The Alien Beauty and Creepy Fascination of Insect Art
Through history and across cultures, insects have inspired artists and challenged viewers to shift their perspective
This article was originally published in Knowable Magazine, reprinted with permission.
One day when Barrett Klein was a young boy, he found a dead butterfly in the driveway of his family’s house and marveled at its beauty. It was a transformative moment. “At age five I had a nebulous epiphany in which I knew that insects would be the core of my existence,” says Klein, who is now an entomologist at the University of Wisconsin-La Crosse. He’s also an artist, and insects feature prominently in his art.

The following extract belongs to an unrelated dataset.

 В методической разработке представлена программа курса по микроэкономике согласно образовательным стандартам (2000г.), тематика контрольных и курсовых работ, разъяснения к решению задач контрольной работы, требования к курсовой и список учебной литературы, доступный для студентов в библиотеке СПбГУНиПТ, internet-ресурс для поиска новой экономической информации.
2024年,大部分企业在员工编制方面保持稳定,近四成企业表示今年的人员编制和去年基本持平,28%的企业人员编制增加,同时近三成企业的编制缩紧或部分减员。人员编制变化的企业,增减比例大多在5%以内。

Throughout history and across many cultures, insects have inspired artists and artisans. Moth larvae, bees and beetles have provided silk, wax, dyes and other art media. Some insects leave traces on their environment that artists capture, while others in effect become collaborators as their natural behaviors are incorporated into art. “With all of their myriad forms, you’ve got exquisite behaviors as well as colors and shapes to choose from, or be mesmerized by,” says Klein, who recently reviewed the role of insects in art in the Annual Review of Entomology.

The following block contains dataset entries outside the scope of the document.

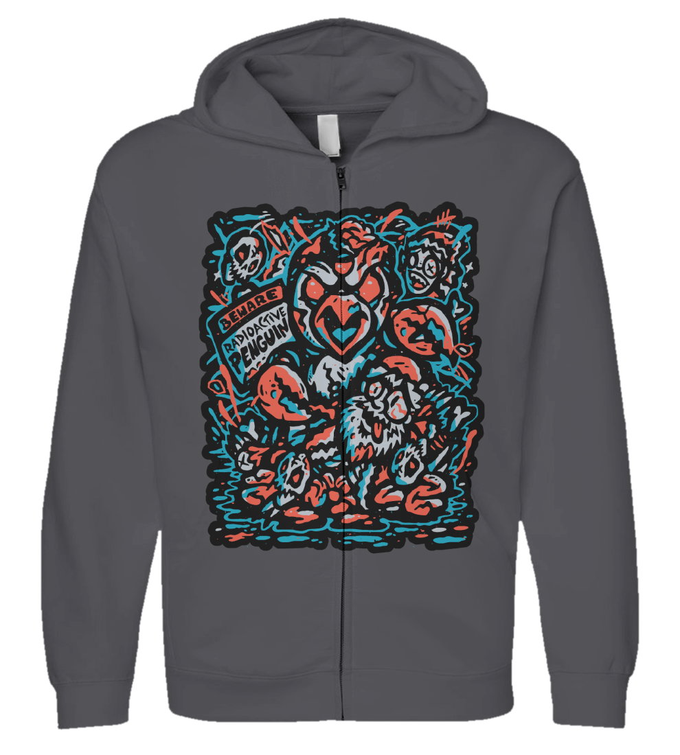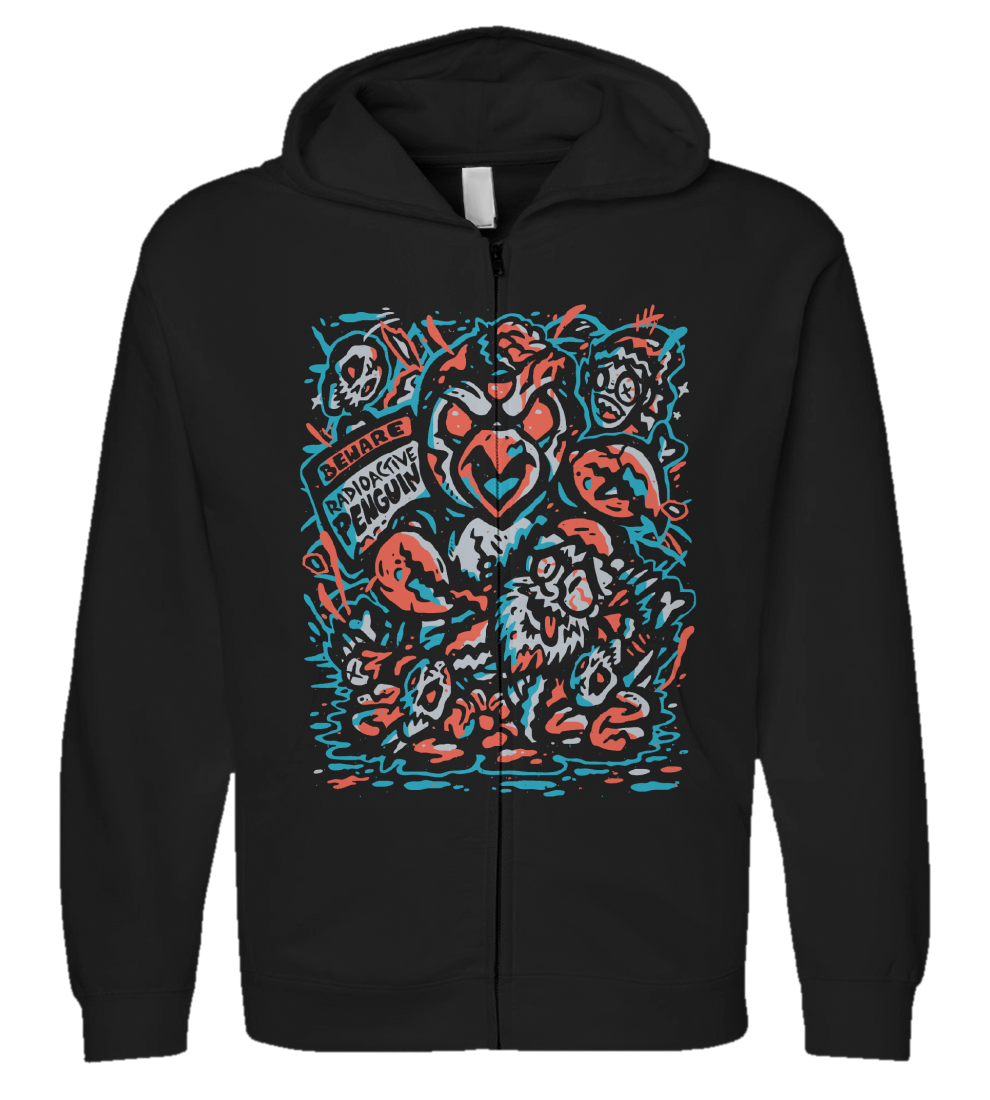 Radioactive penguin with spider's leg & crab's arms and eating Santa Claus & elves
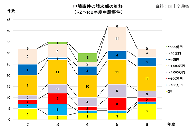 このうち国土交通省に設置された中央審査会への申請件数は32件で、前年度から10件減少。工事種類別では、「建築工事」19件、「設備工事」7件、「電気工事」と「土木工事」がそれぞれ3件となった。建築工事が減った一方で、設備工事と電気工事は増えている。請求額は「1000万円超~5000万円」の11件が最多で、「1億円超」の高額申請も4件あった。
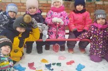 Зимой отмечают самый яркий, веселый и любимый праздник детей и взрослых Новый год. Все люди на нашей земле готовятся к встрече Нового года. Украшают жилище, улицу. Как сделать групповой участок нарядным и ярким придумали дети старшей группы "Сказка". В рамках недели "Зимняя лаборатория" в процессе исследовательской деятельности "Что такое лёд?" ребята узнали, что вода в замерзшем состоянии, да ещё и раскрашенная в разные цвета и залитая в формочки может стать оригинальным украшением. Вот такие цветные льдинки - украшения получились у них! -
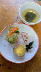 大根餅 人参煮 キャベツのおかか煮 しいたけの味噌汁

Much of this work plays on the conflicting feelings we humans tend to have toward insects—we’re simultaneously fascinated by their strange biology and unfamiliar lifestyles and repulsed or frightened by their stingers, toxins and the diseases they may (or may not) carry. Not to mention their sheer scuttling, swarming numbers.
“They don’t live like us. They don’t look like us. They do the things that we do in such bizarre and wild ways that it’s just endlessly intriguing,” says artist Catherine Chalmers. “They offer a very, very different perspective on life on Earth.”

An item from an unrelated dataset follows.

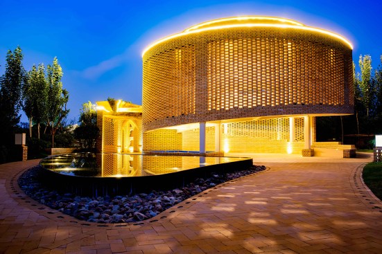 The Garden Pavilion is a semi-open and modern landscape building. The design expresses the concept that the architecture embraces the public space. The combination of the architectural space and each detail element reflects both of the modern architecture style and traditional architectural features of Urumqi. The entire circulation experience of the pavilion is an expression of the outdoor landscape expansion. For example, the rotating ramp brings the outdoor "string" garden into the interior area which blurs the boundary between inside and outside space. The modern corridor and the hidden pillar structures give more possibilities to the overhangs and opening of this brick pavilion.
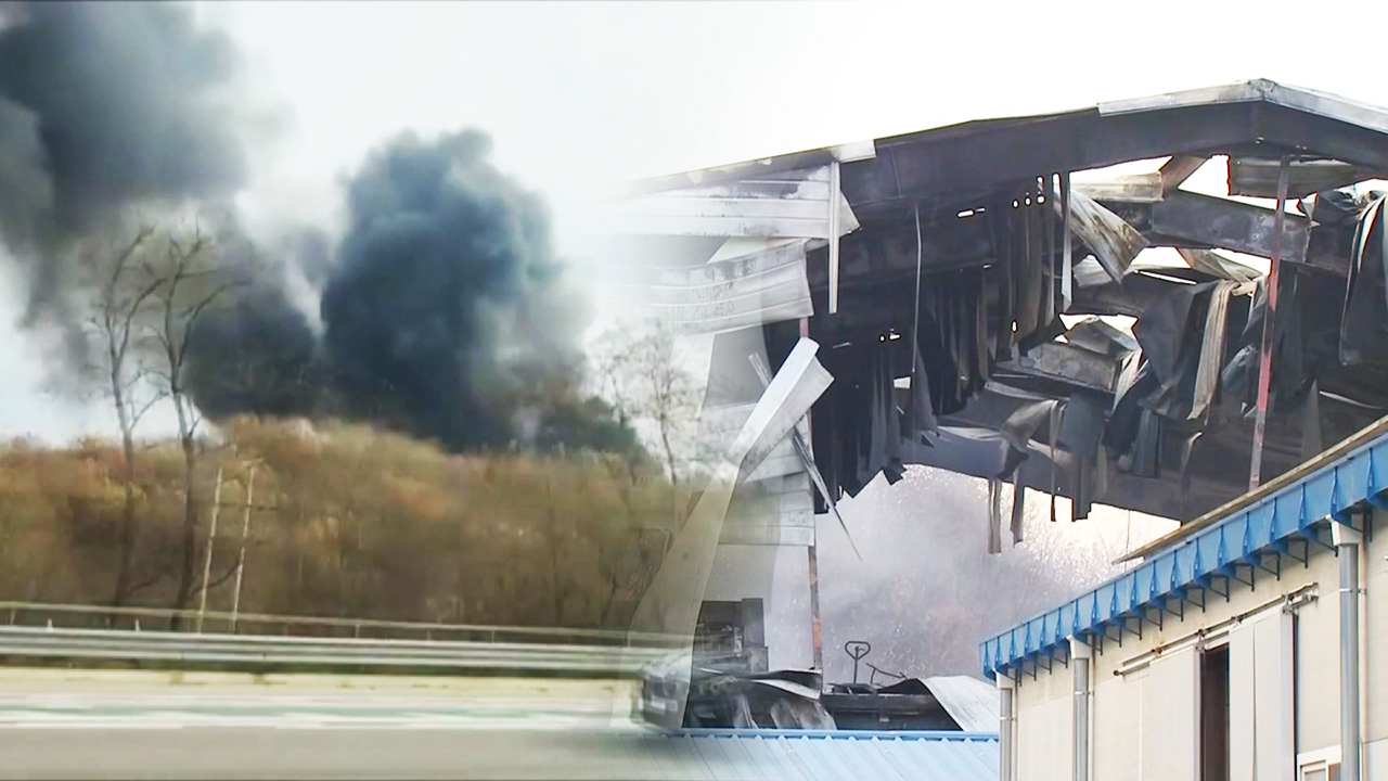 샌드위치 패널로 만든 공장 건물은 완전히 타 무너져 내렸습니다.

From ancient cricket etchings to beetle shawls
One of the oldest known examples of insect art is an engraving of a cricket carved into a fragment of bison bone found in a cave in southern France and thought to be about 14,000 years old. Ancient people were great observers of the natural world, says Diane Ullman, an entomologist and cofounder of the Art/Science Fusion Program at the University of California, Davis. Insects are found everywhere humans live (they’re scarce near the poles of the Earth and absent only in the ocean’s depths), and they show up in artifacts from Mesoamerica to Mesopotamia. “Insects became part of the cultural and spiritual stories of people all over the world,” Ullman says.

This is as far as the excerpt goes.